Data block:
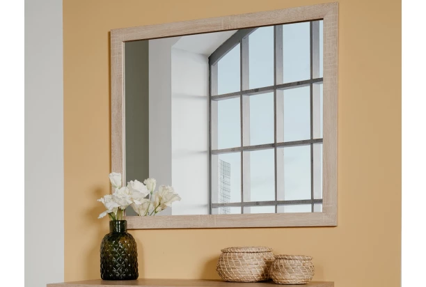 Nástenné zrkadlo v ráme z kolekcie Bali – vytvorte si útulný a zároveň krásne zariadený domov v prírodnom štýle. Rám zrkadla s veľkosťou 80×70 cm vo svetlých tónoch drevodekoru dub sonoma dodá vášmu interiéru príjemne hrejivú atmosféru.
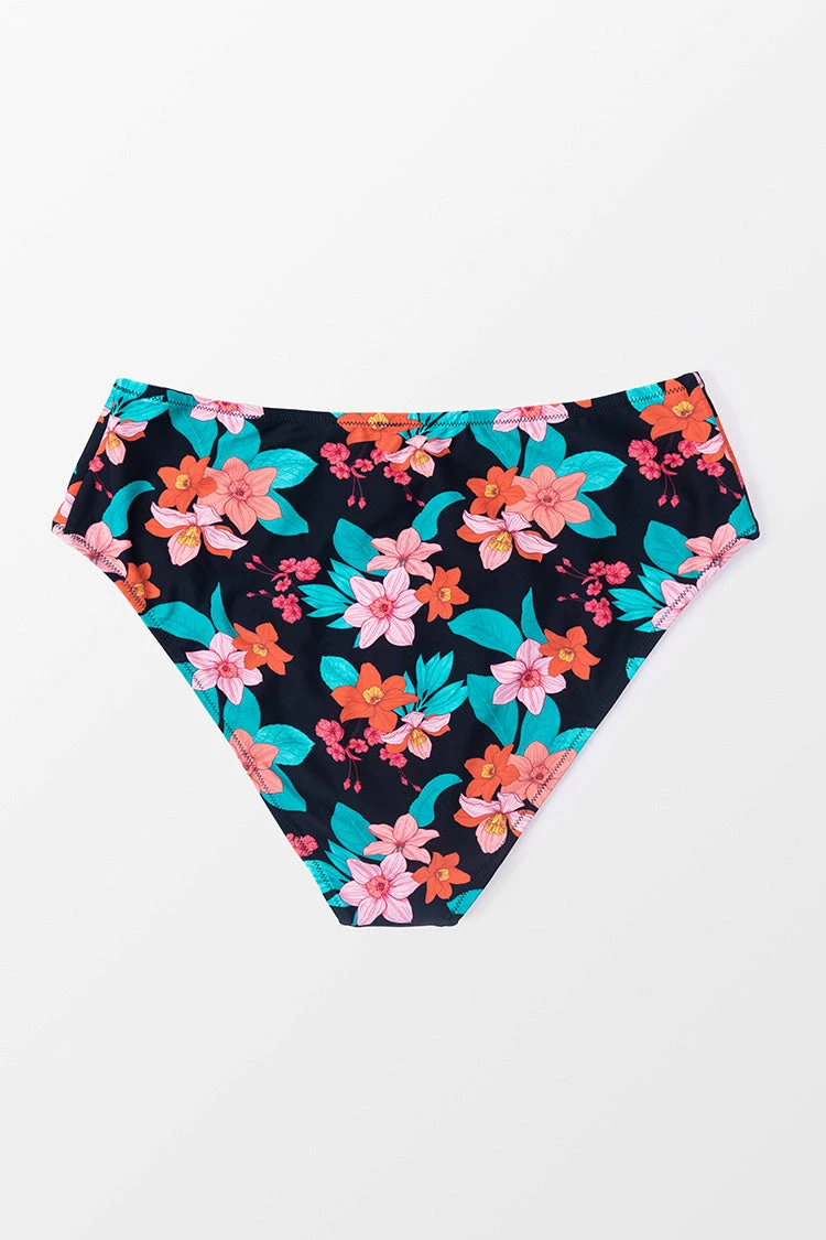 Grab eyes anywhere and anytime in Cynthia Floral High Waisted Plus Size Bikini Bottom. Black background and flower print are very eye-catching. Pair it with our Cynthia Plunge Back Tie Plus Size Bikini Top.
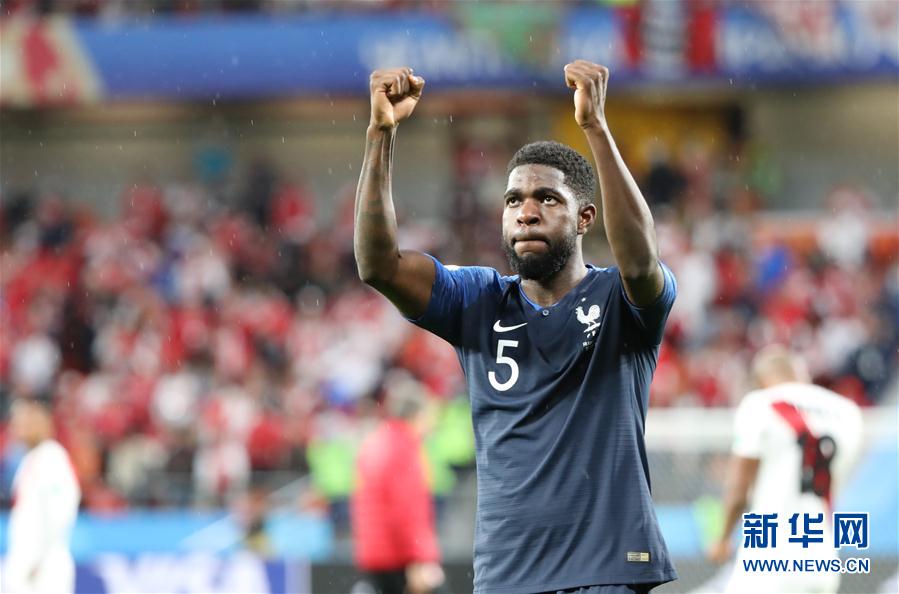 6月21日,法国队球员乌姆蒂蒂在比赛后庆祝胜利。当日,在叶卡捷琳堡进行的2018俄罗斯世界杯足球赛C组小组赛中,法国队以1比0战胜秘鲁队。 新华社记者白雪骐摄
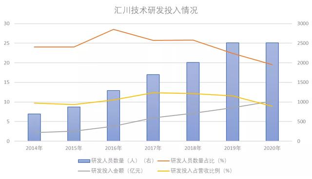 汇川技术研发投入规模逐年增加,从2014年的2.17亿元增长至2020年的10.23亿元;研发人员数量从2014年的694人增加至2020年的2513人。不过,虽然研发人员数量占比依然处于较高水平,却已经从2016年的28.5%下降至2020年的19.53%。研发投入金额占营收的比例也已经连续三年下滑。

Problem statement:
Could the material above be given again exactly, pictures excluded?

Finished task:
 Nástenné zrkadlo v ráme z kolekcie Bali – vytvorte si útulný a zároveň krásne zariadený domov v prírodnom štýle. Rám zrkadla s veľkosťou 80×70 cm vo svetlých tónoch drevodekoru dub sonoma dodá vášmu interiéru príjemne hrejivú atmosféru.
 Grab eyes anywhere and anytime in Cynthia Floral High Waisted Plus Size Bikini Bottom. Black background and flower print are very eye-catching. Pair it with our Cynthia Plunge Back Tie Plus Size Bikini Top.
 6月21日,法国队球员乌姆蒂蒂在比赛后庆祝胜利。当日,在叶卡捷琳堡进行的2018俄罗斯世界杯足球赛C组小组赛中,法国队以1比0战胜秘鲁队。 新华社记者白雪骐摄
 汇川技术研发投入规模逐年增加,从2014年的2.17亿元增长至2020年的10.23亿元;研发人员数量从2014年的694人增加至2020年的2513人。不过,虽然研发人员数量占比依然处于较高水平,却已经从2016年的28.5%下降至2020年的19.53%。研发投入金额占营收的比例也已经连续三年下滑。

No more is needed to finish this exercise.